***** TASK DATA

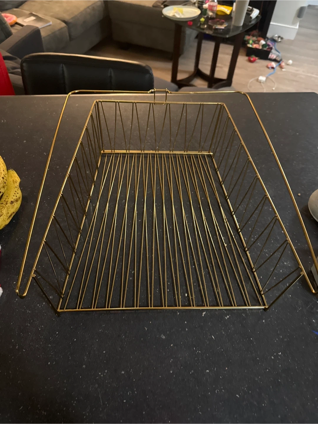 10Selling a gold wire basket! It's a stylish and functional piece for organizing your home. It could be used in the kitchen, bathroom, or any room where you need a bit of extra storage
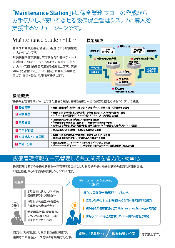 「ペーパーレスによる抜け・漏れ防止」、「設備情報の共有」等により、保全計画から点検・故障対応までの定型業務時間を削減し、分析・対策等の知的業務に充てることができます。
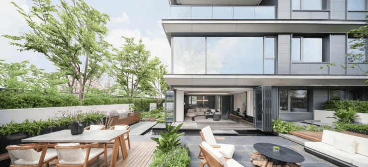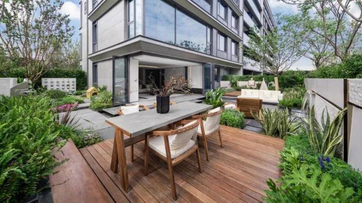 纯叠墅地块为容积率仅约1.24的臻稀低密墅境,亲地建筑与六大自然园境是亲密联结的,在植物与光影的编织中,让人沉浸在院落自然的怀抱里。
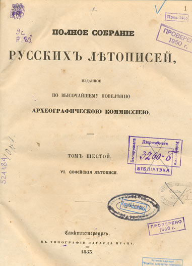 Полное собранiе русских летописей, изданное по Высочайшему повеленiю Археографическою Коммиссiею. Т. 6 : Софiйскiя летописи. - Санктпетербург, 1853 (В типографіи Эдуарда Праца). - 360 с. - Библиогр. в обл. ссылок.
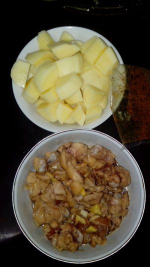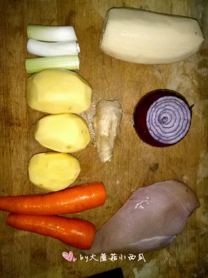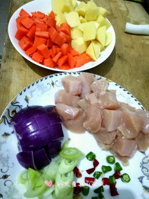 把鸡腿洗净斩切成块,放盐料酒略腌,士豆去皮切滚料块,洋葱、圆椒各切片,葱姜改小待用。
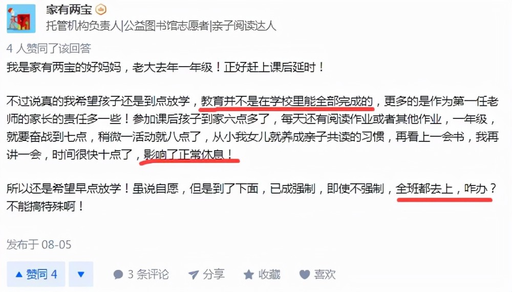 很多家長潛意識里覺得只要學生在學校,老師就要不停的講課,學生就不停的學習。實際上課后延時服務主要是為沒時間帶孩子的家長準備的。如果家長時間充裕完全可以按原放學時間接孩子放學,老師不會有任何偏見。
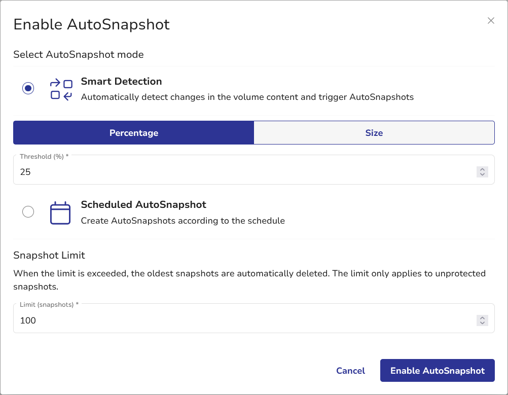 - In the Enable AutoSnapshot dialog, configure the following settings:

**********
***** TASK DATA

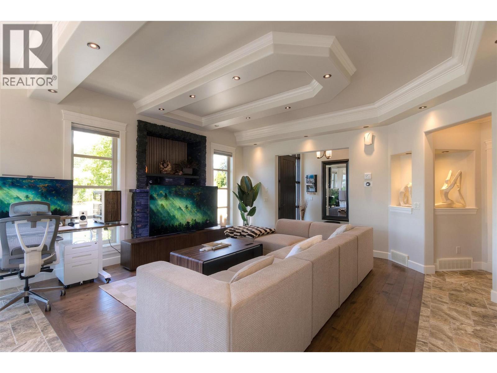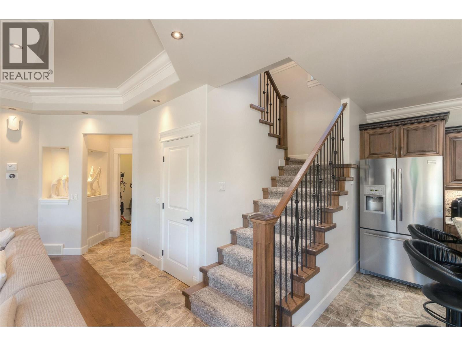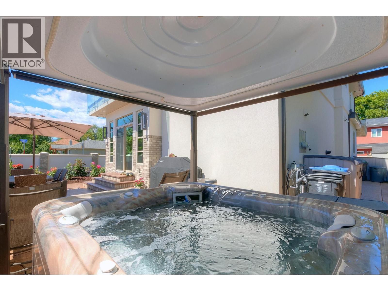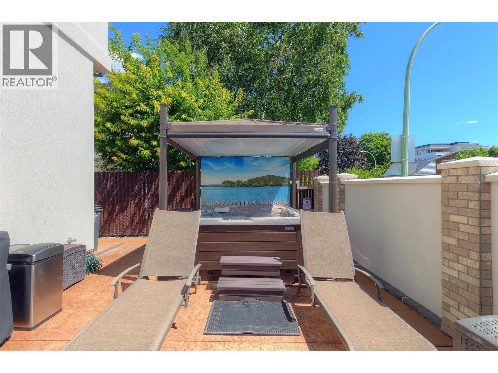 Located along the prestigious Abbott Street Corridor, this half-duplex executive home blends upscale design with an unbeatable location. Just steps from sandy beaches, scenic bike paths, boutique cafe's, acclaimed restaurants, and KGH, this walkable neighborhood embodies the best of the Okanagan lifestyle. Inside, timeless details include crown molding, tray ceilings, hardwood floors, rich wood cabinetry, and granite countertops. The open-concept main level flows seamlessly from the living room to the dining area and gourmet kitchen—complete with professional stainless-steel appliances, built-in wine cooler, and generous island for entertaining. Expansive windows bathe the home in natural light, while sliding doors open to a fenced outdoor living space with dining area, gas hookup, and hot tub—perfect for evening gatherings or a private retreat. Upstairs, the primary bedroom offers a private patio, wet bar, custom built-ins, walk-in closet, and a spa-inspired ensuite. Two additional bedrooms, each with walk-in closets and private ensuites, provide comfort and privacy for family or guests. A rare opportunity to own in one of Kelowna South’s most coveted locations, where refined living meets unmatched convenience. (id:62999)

**********
***** TASK DATA

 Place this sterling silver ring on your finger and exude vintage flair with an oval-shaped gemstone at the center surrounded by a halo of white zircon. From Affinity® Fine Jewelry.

**********

### EXERCISE AIM:
From the data above, return exactly the lines from the one with "纯叠墅地块为容积率仅约1.2" up to and including the one with "- In the Enable". Pictures do not go in the copy.

### ANSWER TO THE PROBLEM:
 纯叠墅地块为容积率仅约1.24的臻稀低密墅境,亲地建筑与六大自然园境是亲密联结的,在植物与光影的编织中,让人沉浸在院落自然的怀抱里。
 Полное собранiе русских летописей, изданное по Высочайшему повеленiю Археографическою Коммиссiею. Т. 6 : Софiйскiя летописи. - Санктпетербург, 1853 (В типографіи Эдуарда Праца). - 360 с. - Библиогр. в обл. ссылок.
 把鸡腿洗净斩切成块,放盐料酒略腌,士豆去皮切滚料块,洋葱、圆椒各切片,葱姜改小待用。
 很多家長潛意識里覺得只要學生在學校,老師就要不停的講課,學生就不停的學習。實際上課后延時服務主要是為沒時間帶孩子的家長準備的。如果家長時間充裕完全可以按原放學時間接孩子放學,老師不會有任何偏見。
 - In the Enable AutoSnapshot dialog, configure the following settings:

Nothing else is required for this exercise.